Page 2 of 5 FirstFirst 12345 LastLast
Results 16 to 30 of 70
  1. #16
    Fantastic Member
    Join Date
    Jun 2015
    Posts
    361

    Default

    Congratulations you found the one character they did a lot of WWII stuff within stories written in the 60s on. how important did they treat WWII when Jay showed up? Alan? The JSA for crossovers? No, they aged some of them 20 years and then stuck them right back into the unaging status quo as everyone else. Black Carny alone shows how little they were thinking about 'they MUST be attached to the 40s and be aging'

  2. #17

    Default

    Quote Originally Posted by Factor View Post
    To me the best solution is saying that after the JSA disbanded in the 50s, they (along with those connected to them) were displaced in time. I’d personally use Johnny Thunder as the means for that.
    They’d return a few years earlier than Superman’s debut, only to realise their past activities would be considered as urban legends. Fearing the world was no longer ready for the reemergence of metahumans, they’d have kids and live “normal” lives until the dawn of the new age of heroes would prompt them out of retirement to reform the JSA.

    This way, there’d always be a variable decades-long gap between their original adventures and their return to the “present”, but it would be easy to explain why so many original JSAers would still be active and why their children could be in their prime.
    I came here to say the same thing.

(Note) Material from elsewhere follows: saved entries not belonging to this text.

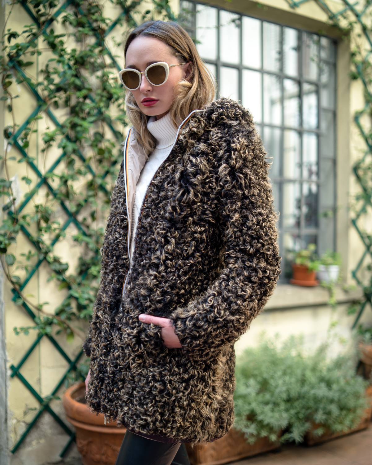 K-Way modello Virginie, reversibile con la pelliccia di kalgan riciclata.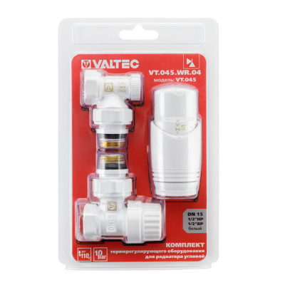 Набор предназначен для поддержания в помещении требуемой температуры воздуха путём регулирования расхода теплоносителя через отопительный прибор, а также для его гидравлической увязки. Комплект помещен в пылевлагозащитную упаковку (блистер).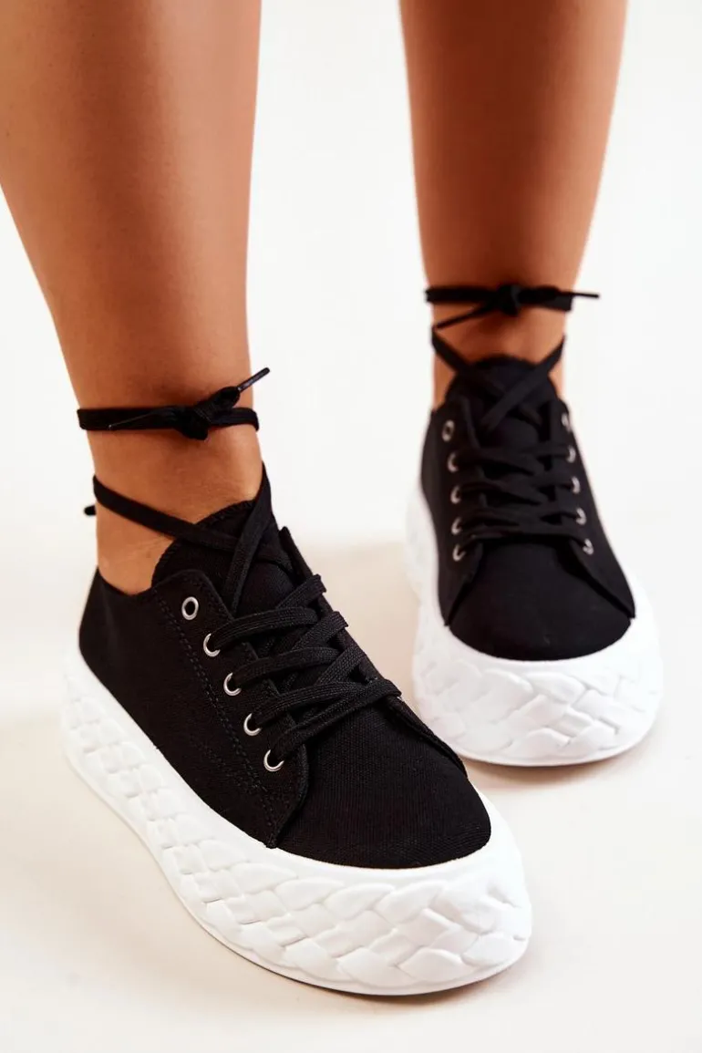 Damskie tenisówki na masywnej platformie pasują do wielu stylizacji. Wykonane z tkaniny. Posiadają materiałową wkładkę. Gumowa platforma jest przyozdobiona pięknym warkoczem. Świetnie sprawdzą się zarówno do spodni jak i spódnic. Wyraź siebie poprzez swój styl i kup te świetne tenisówki już dziś! Przy wyborze rozmiaru prosimy sugerować się tabelą rozmiarów.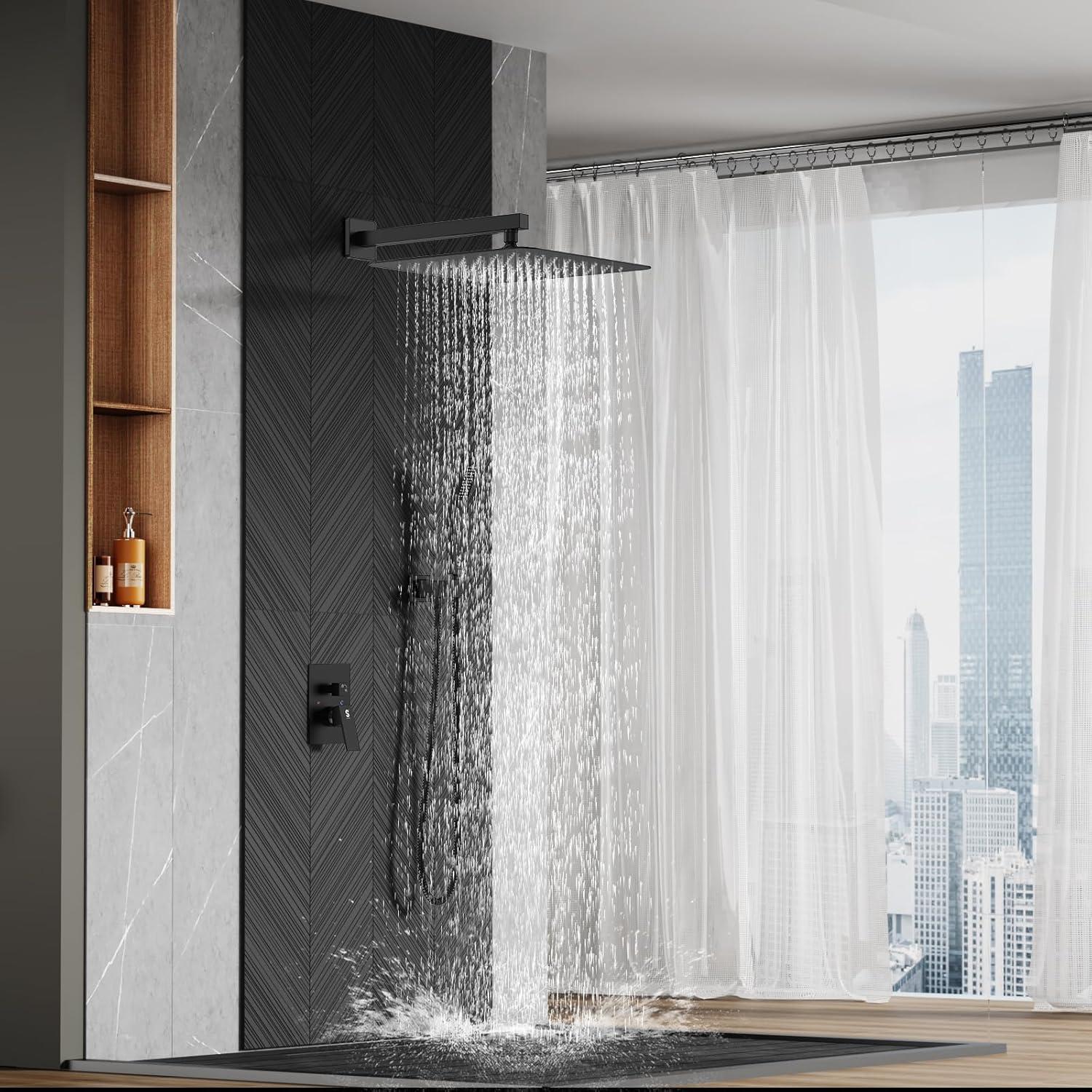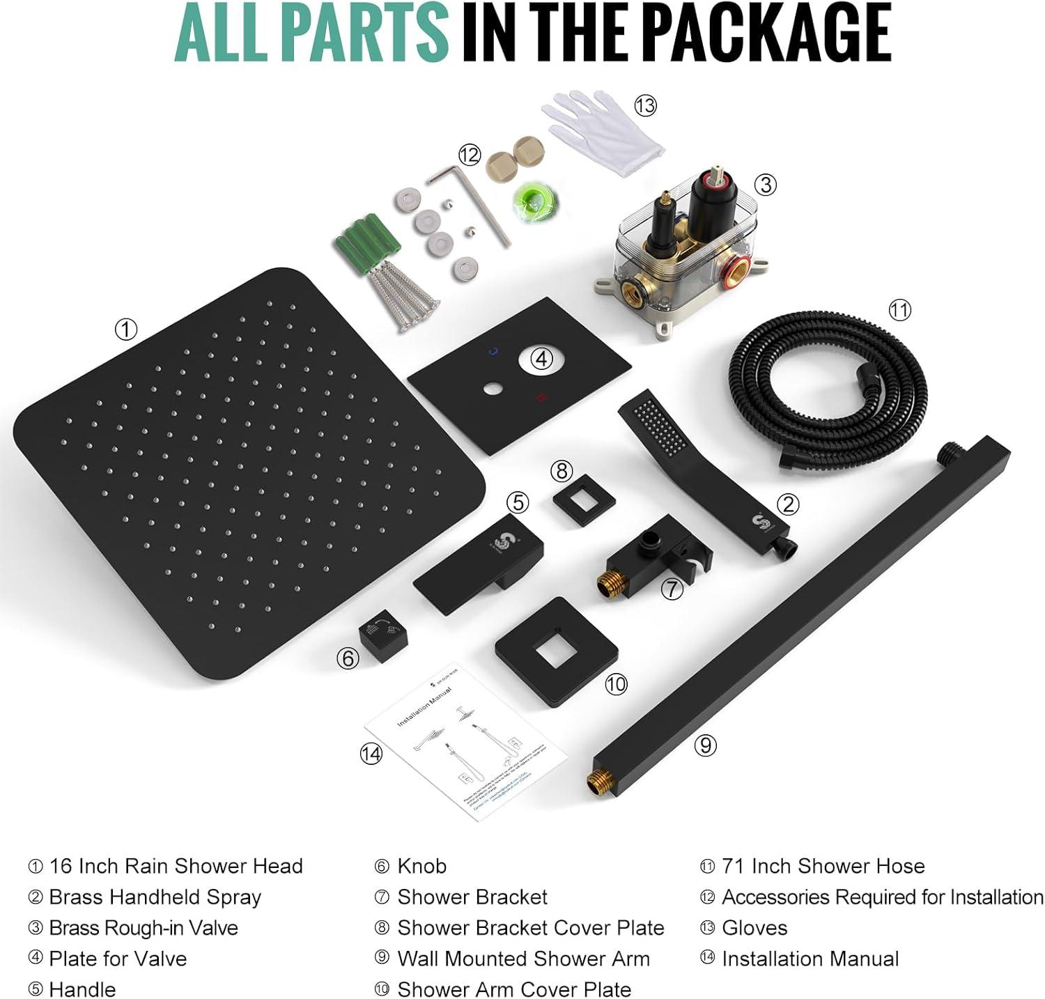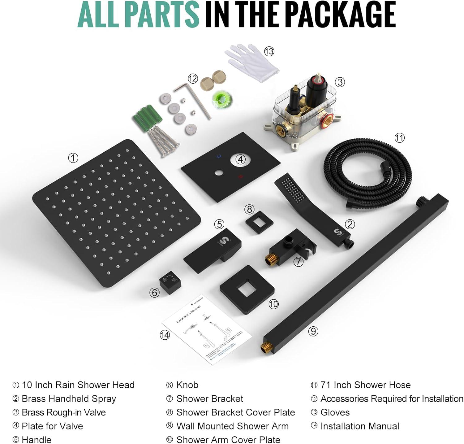 Complete Shower System Included: This shower faucet set includes everything you need for a luxurious upgrade: a 10-inch rain shower head, a handheld shower head, a 71-inch shower hose, a 16-inch shower arm, a handheld bracket, a mixing valve, a panel, a handle, a mode knob, shower arm and bracket covers, and all necessary installation accessories.

Any JSA member who needs to be saved for the present day could have been trapped in another dimension ala Ragnarok and by the time they got out decades have passed.

    I also like Jim Kelly's idea of giving the JSA the Generations treatment. Maybe that's what the new Earth 2 should be; a world where the original Golden Age stories, 80's Infinity Inc and All Star Squadron happened but it's set in the new 20's or 30's focusing on the grand kids or great grand kids of the original JSA.

    The CBR Community Guidelines & Rules
    | Report but also PM me directly

  3. #18

    Default

    Quote Originally Posted by NathanS View Post
    Congratulations you found the one character they did a lot of WWII stuff within stories written in the 60s on. how important did they treat WWII when Jay showed up? Alan? The JSA for crossovers? No, they aged some of them 20 years and then stuck them right back into the unaging status quo as everyone else. Black Carny alone shows how little they were thinking about 'they MUST be attached to the 40s and be aging'
    Kingpin wasn't originally a Daredevil villain either but now him and the noir aesthetic are separable from the character.

    Saying that its not originally part of their characters doesn't really work since it's something that resonates with the audience.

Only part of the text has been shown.